Mariners manager Eric Wedge was happy.

“I thought Jon threw the ball well, especially since he hasn’t been out there in a while,” Wedge said. “He was down. He used his pitches. It was a good first outing.”

Garland’s goals were simple.

“Number one, I wanted to come out of it healthy,” he said. “Number 2, I wanted to keep the ball down. Regardless if they made outs, they got hits, they hit homers, I wanted to keep the ball down and feel good about the pitches I was throwing.”

FELIX THROWS BP

Hernandez is making slow steps toward pitching in a Cactus League game. With the spring training season longer than usual because of the World Baseball Classic, the Mariners are in no hurry to rush Hernandez, who missed a few days of workouts to sign his new seven-year, $175 million contract.

On Thursday, the progression continued with Hernandez throwing a live batting practice session.

Hernandez pitched for 10 minutes, throwing 32 pitches to four minor leaguers — James Jones, Ji-Man Choi, Mike Dowd and Gabriel Guerrero. Hernandez gave up two soft singles, but mostly induced swings and misses.

“Definitely had good arm speed, good pitches,” he said afterward. “I feel pretty good. I’m happy about it.”

Wedge was also quite happy.

“Felix threw the ball great,” he said. “In regard to what we were hoping to see, and what he looked like, it was fantastic. A lot of life, good arm action, good command, it was strong.”

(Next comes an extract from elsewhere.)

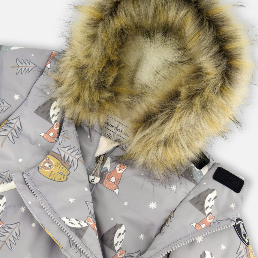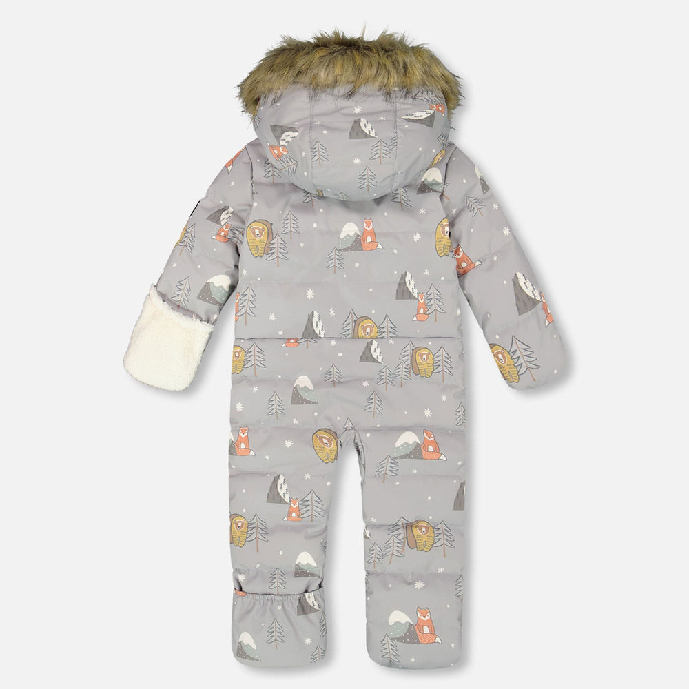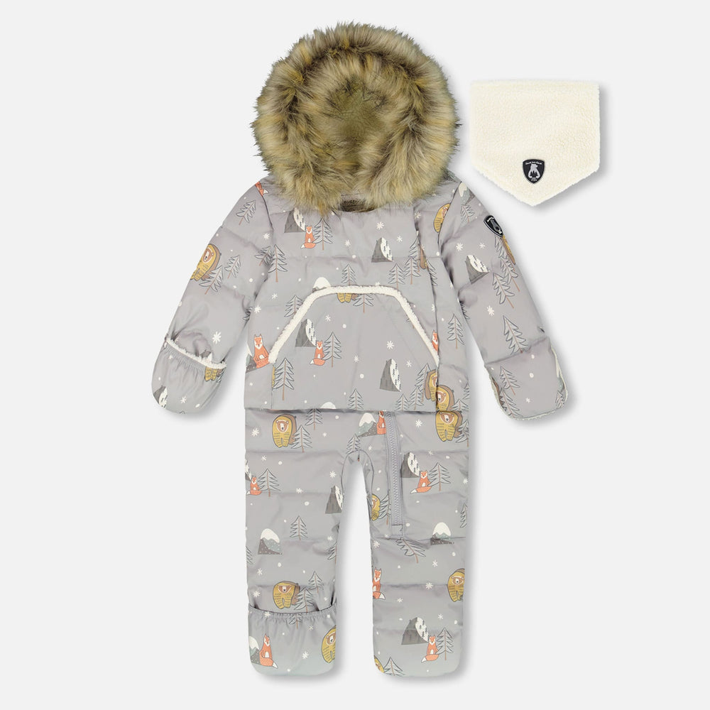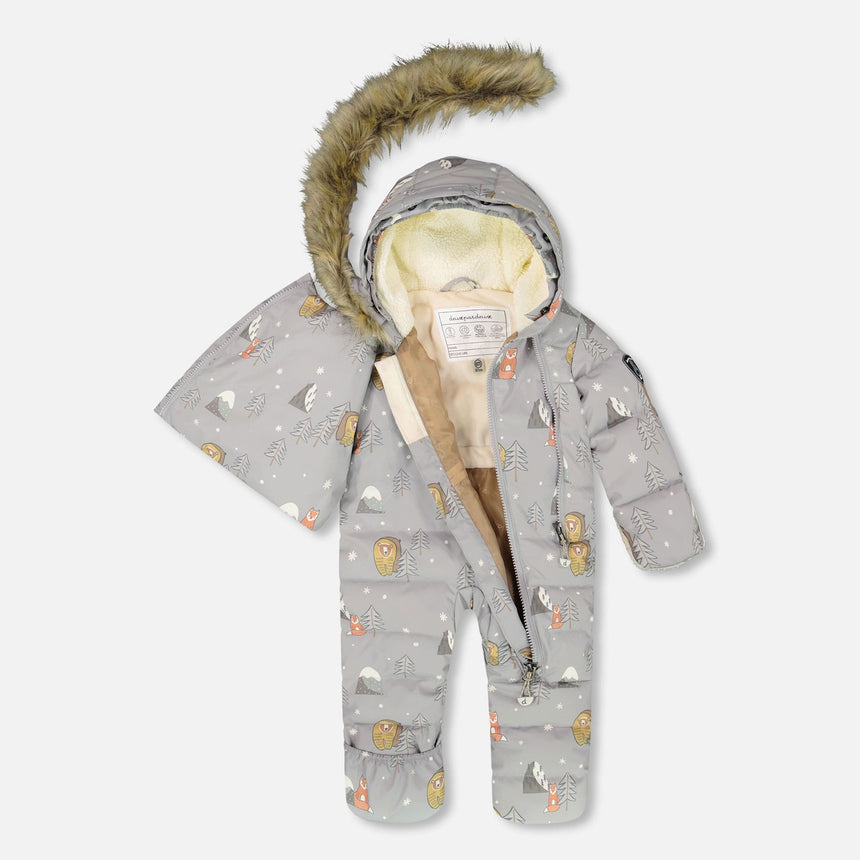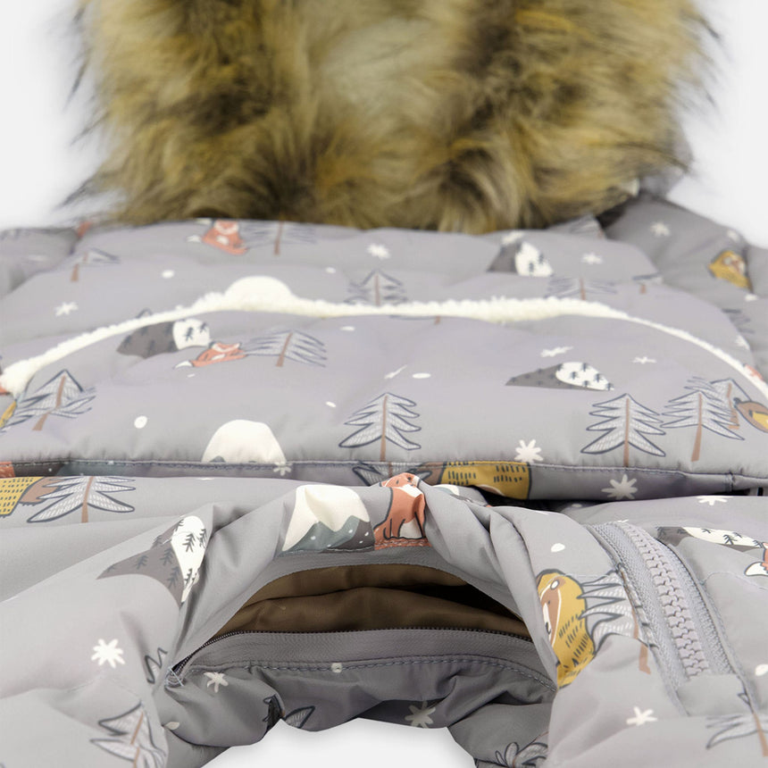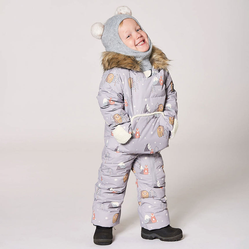 With thin, compressible insulation for warmth in temperatures down to -20°C (-4°F), our BABY SNUG winter suit is designed for maximum protection and comfortable breathability. Detailed with a waterproof coating to keep little ones dry, this purple bear print snowsuit features horizontal quilting with a sherpa-lined hood, a velour-lined body, water resistant zippers, and a wind flap and chin guard to keep the cold out. An adjustable waistband, foldover hand and foot openings, and car seat compatible construction ensure that baby is safe and warm whether they're out in the elements or strapped in the car.
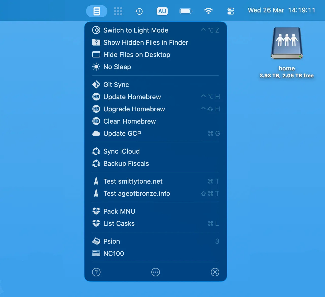 MNU for Mac je pomocník určený pro snadnou správu položek a další nastavení položek v oblasti menu baru v macOS. Nástroj obsahuje skripty pro přípravu grafiky (mnuprep.sh) a pro automatické ukončení běžící instance aplikace po reinstalaci (postinstall.sh).

Hernandez will throw one more batting practice session in three or four days and make his Cactus League debut sometime late next week.

SPRING TRAINING RECAP

MARINERS 4, GIANTS 3 (at Scottsdale Stadium)

The facts: The Mariners won their sixth straight Cactus League game, thanks to solo homers from Franklin Gutierrez and Nick Franklin and an RBI double from Justin Smoak. Seattle roughed up Giants ace Matt Cain, scoring three runs on four hits in Cain’s three innings. The three pitchers vying for the starting rotation – Jon Garland, Blake Beavan and Erasmo Ramirez – combined to pitch six innings, allowing two runs (both charged to Beavan) on six hits.

Play of the game: Carter Capps managed to pitch himself into a jam and pitch himself right out of it. With the Mariners up 4-2, the hard-throwing Capps gave up back-to-back singles to start the eighth inning, putting runners on first and third. And there they stayed. Capps struck out the next three hitters to end the threat.

Who was hot: Justin Smoak again? Yes, again. The big first baseman ripped an opposite field RBI double to left-center in the third inning off of Cain to score Casper Wells, who led off the inning with a double. In his final at-bat, Smoak — batting right-handed against lefty Dan Runzler — bounced a ball up the middle for an infield single. He’s hitting .583 this spring.

Who was not: Reliever Yoervis Medina had an interesting ninth inning. Brought on to protect Seattle’s 4-2 lead, Medina couldn’t throw strikes with his fastball. He still managed to get the first two outs of the inning. Then, things got interesting. He gave up a single to Nick Noonan and an RBI double to Cole Gillespie. But with the tying run on second, Medina got Gary Brown to fly out to end the game.

Quotable: “Felix threw the ball great (during live batting practice). In regard to what we were hoping to see, and what he looked like, it was fantastic. A lot of life, good arm action, good command, it was strong.” — Mariners manager Eric Wedge on Felix Hernandez.

On tap: Talented left-handed pitching prospect James Paxton will make his first Cactus League start today at 12:05 p.m. (PST) as the Mariners return to Peoria to face the Texas Rangers. Also scheduled to pitch are Brandon Maurer, Stephen Pryor and Bobby LaFromboise. The Rangers will start left-hander Randy Wells.